◆ Instructions for the task:
All lines at and after the one containing "Покупая диван Босс", up to the end of the listing below, are to be printed exactly, with the pictures omitted.
Provided material START
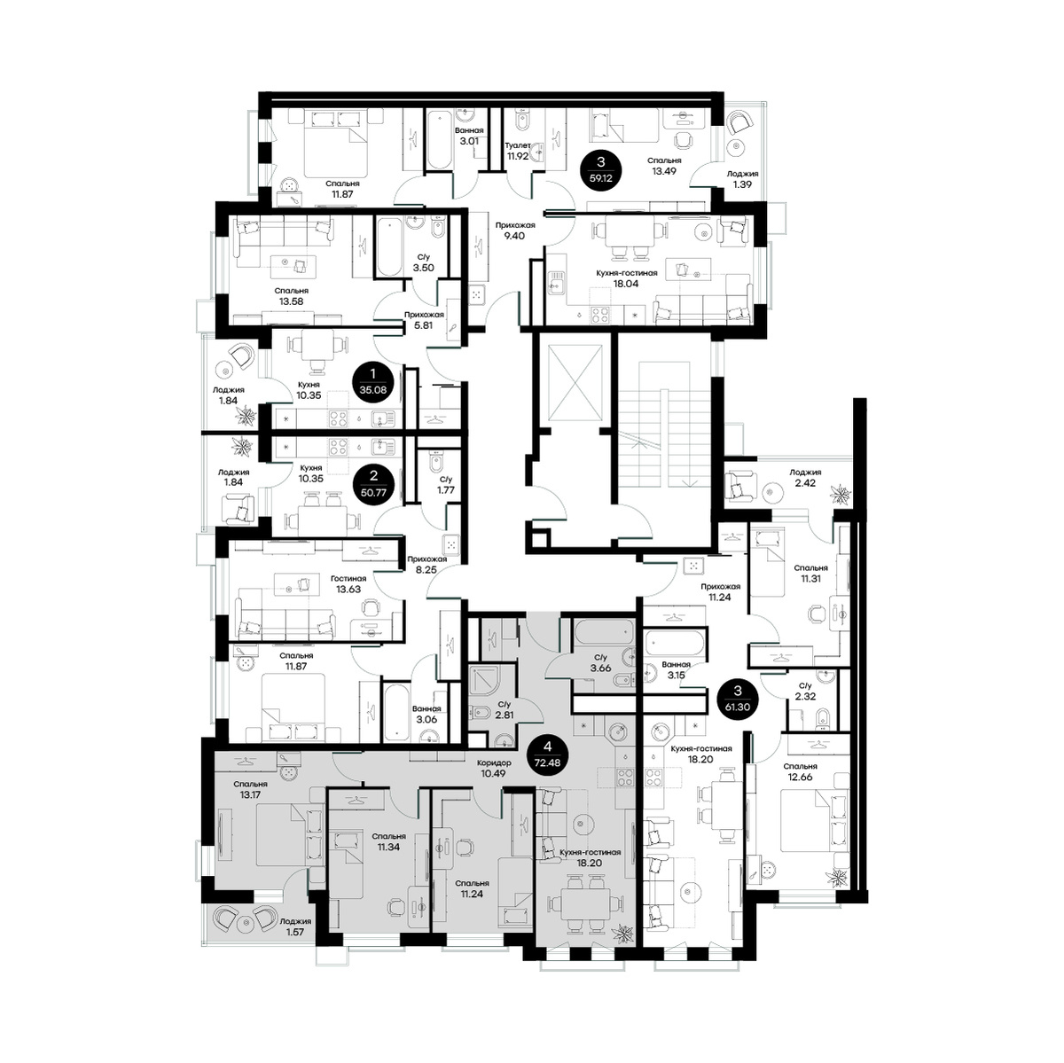 Квартира 72,48 м2 (4 к.) в ЖК Равновесие, Одинцовский р-н. Услуга бронирования!
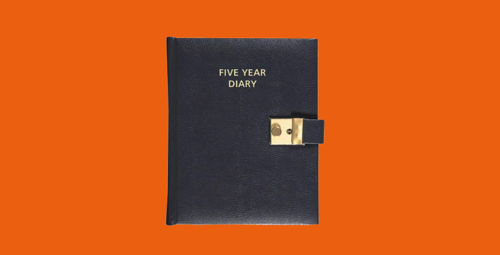 I five year journals sono diari che per ogni pagina hanno il numero del giorno, il mese e cinque spazi da riempire anno dopo anno. Sono adatti a persone che non tengono diari con grandi ambizioni letterarie, ma per annotare cose fatte, persone incontrate, libri letti e non dimenticarseli. La cosa interessante è mettere a confronto le cose fatte nello stesso giorno a un anno di distanza e poi a due, tre, quattro e cinque. Online se ne trovano in vendita di vari tipi: come questo, questo o questo.
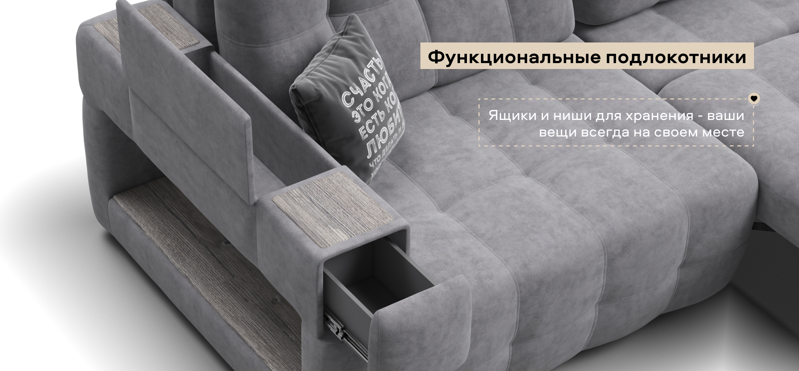 Покупая диван Босс ХО Макс вы становитесь обладателем уникальных подарков: быстрая зарядка для смартфона, 2 стильных кружки, 2 удобных столика для ноутбука, 2 подушки, комплект запасных накладок на Подлокотники Фул, экоручки и средство для чистки Босс Клин
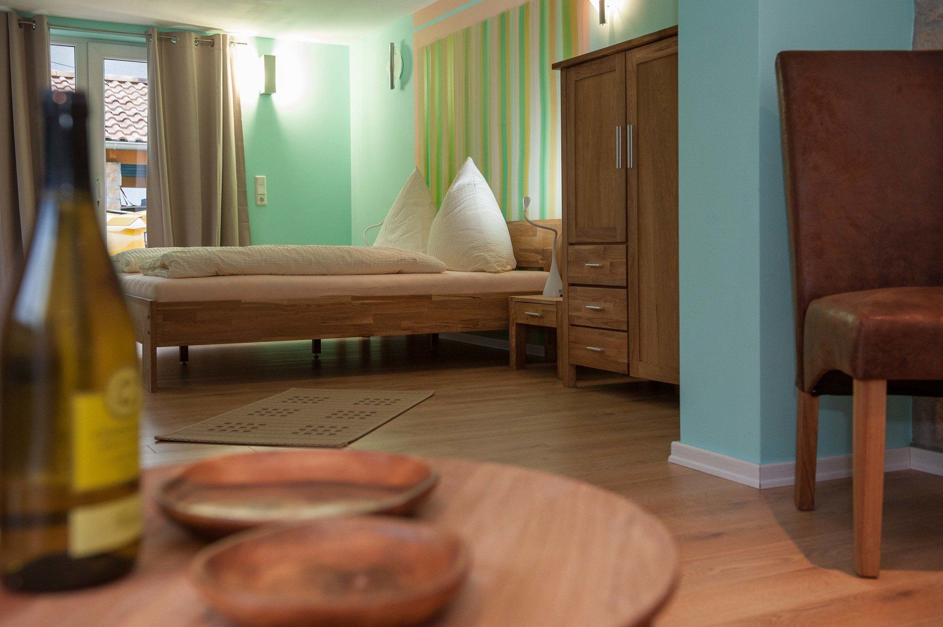 Lassen Sie sich von der Besonderheit unseres Hauses inspirieren, von dem individuell gestalteten Farbenspiel der Wände bis hin zu den Möbeln aus Naturhölzern und der stilgerechten Raumdekoration.
Provided material END
◆ Solution for this exercise:
 Покупая диван Босс ХО Макс вы становитесь обладателем уникальных подарков: быстрая зарядка для смартфона, 2 стильных кружки, 2 удобных столика для ноутбука, 2 подушки, комплект запасных накладок на Подлокотники Фул, экоручки и средство для чистки Босс Клин
 Lassen Sie sich von der Besonderheit unseres Hauses inspirieren, von dem individuell gestalteten Farbenspiel der Wände bis hin zu den Möbeln aus Naturhölzern und der stilgerechten Raumdekoration.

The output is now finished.